Pull-induced allostery enhanced mechanical strength of Talin-β3 integrin complex

Once the H-bond between ASP⁷⁴⁰ and TRP³⁵⁹ broke, the binding interface area of Talin-β3 integrin complex decreased suddenly at about 13 ns in 1st type pathway, but gradually at about 10 ns in 2nd type one (Fig. S2), as shown by their time courses of force, respectively (Fig. 3a, b; Video. S1). In order to further explore the difference between these two pull-induced dissociation pathways, the conformational evolution of the complex, especially for Talin-F3 domain rather than small β3 integrin tail, was observed carefully. In both of 1st and 2nd type dissociated pathways, we found that, the conformation of ligated F3-domain remained mechano-stable for the first 7.6 ns with tensile force ≤ 120pN, then the C-terminal β1 strand began unfolding from the body as tensile force increased to 150pN about (Figs. 3, 4a, b; Video. S1). Furthermore, along the force-loading ramp, pull-induced complex allostery occurred just in the 1st type but not the 2nd type dissociation pathway (Fig. 4). This pull-induced allostery of the ligated Talin was an early event of β3-integrin dissociation from Talin (Figs. 3 and 4), and could be illustrated by that the angle θ between H5 helix and β5-strand increased from 22° to 30° at pull time of 12 ns, so did (from 14 to 17 Å) the distance from TRP³⁵⁹ on β5 strand to LEU³³⁰ on β2 strand (Fig. 4a, c, d, e), while the complex dissociation occurred at pull time of about 15 ns (Fig. 3d, e).

Figure 4

Pull-induced allostery of the complex. (a–c) The snapshots of the pulled complex of β3 integrin (yellow) with Talin F3 domain (cyan) along the dissociation pathway in type 1 at different pull time. The purple sphere was the fixed atom, and the blue sphere denoted the steered atom. (a) Schematic diagrams for the angle θ between H5 helix and β5 strand of F3 domain (blue dotted line), the distance L_F (cyan) between two Cα-atoms of LEU³³⁰ on β2-strand and TRP³⁵⁹ on β5-strand of F3 (orange line) and the newly formed H-bond between TYR³⁹⁵ on H5 helix and THR³³³ on β2-strand of F3 domain. (b) The β1 strand of the ligated F3 domain (cyan) became unfolded or spread at pull time of 7.6 ns or pull force of 150pN in comparison with its static state (blue) (pull time = 0 ns), and (c) the hydrophobic pocket of the ligated F3 domain became open at pull time of 12 ns. The time course of the angle θ (d) and the distance L_F (e) and their differences between start point and rupture point Δθ and ΔL_F in type 1 and 2 run modes, respectively. (f) The mean survival rate for the newly formed H-bond between TYR³⁹⁵ on H5 helix and THR³³³ on β2-strand of F3 domain in type 1 and 2 run modes, all data from three runs.
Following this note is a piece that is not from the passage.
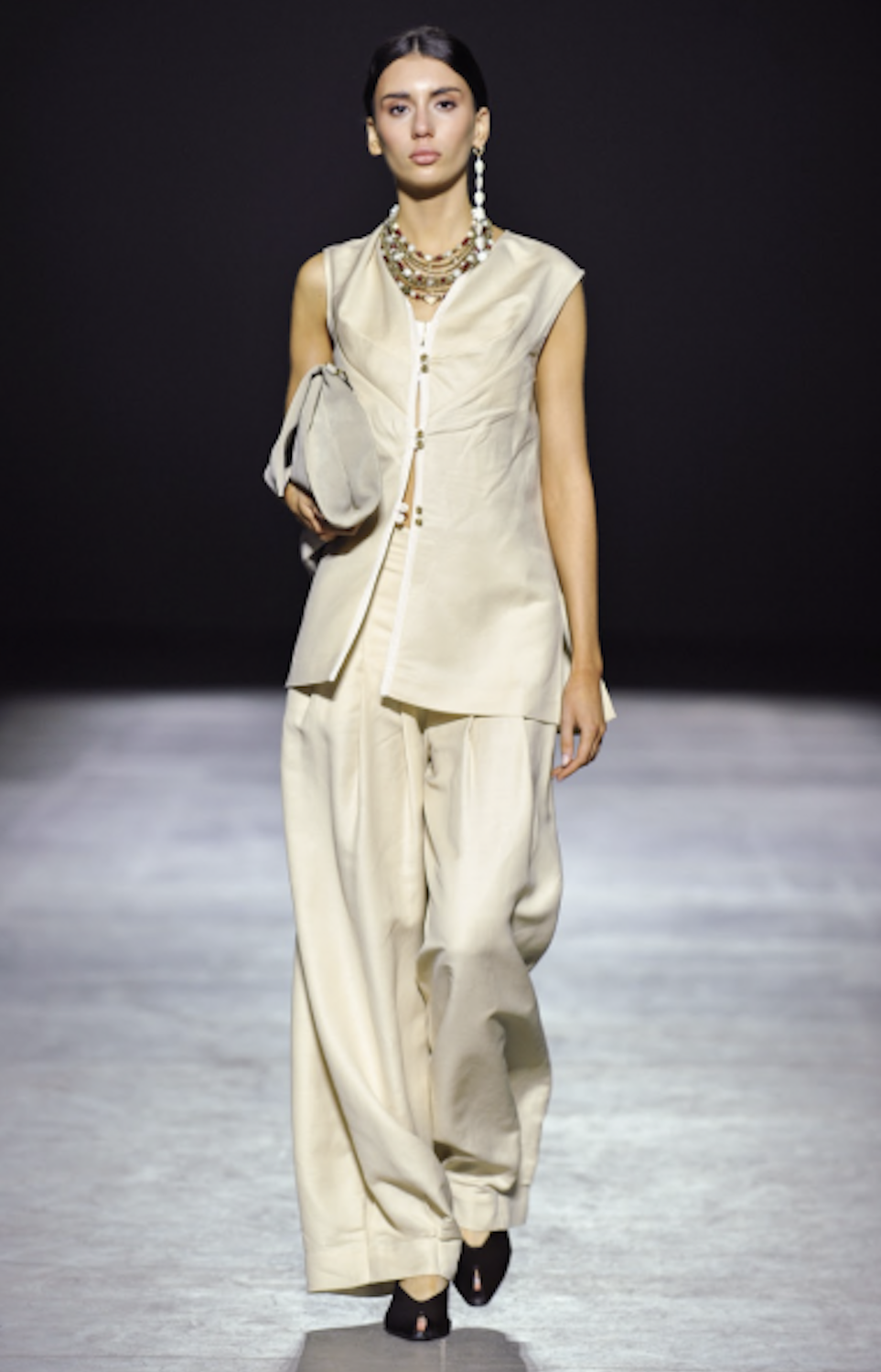 PRZHONSKA превратила показ в трехактный перформанс — от темноты ночи до рассвета. Смена цветов, фактур и силуэтов сопровождалась живым вокалом, который стал эмоциональным проводником этой истории.

Through the analysis of the internal interaction network of Talin-F3 domain, it was found that pull-induced formation of new H-bond between TYR³⁹⁵ on H5 helix and THR³³³ on β2-strand might facilitate deformation and extension of the hydrophobic core (Fig. 4a, f), which partly enclosed by H5 helix packing between β5 and β1 (Fig. 1b). Due to TYR³⁹⁵ - THR³³³ H-bond emersion, the enhanced interaction between H5 helix and β2-strand would promote H5 helix swing outward with β2-strand along the pull direction, and further made exposure of hydrophobic pocket in F3-domain easy. The allostery-induced increasing in rupture-time and rupture-force might be required in preventing the complex from mechanical damage especially under pathological high shear stresses.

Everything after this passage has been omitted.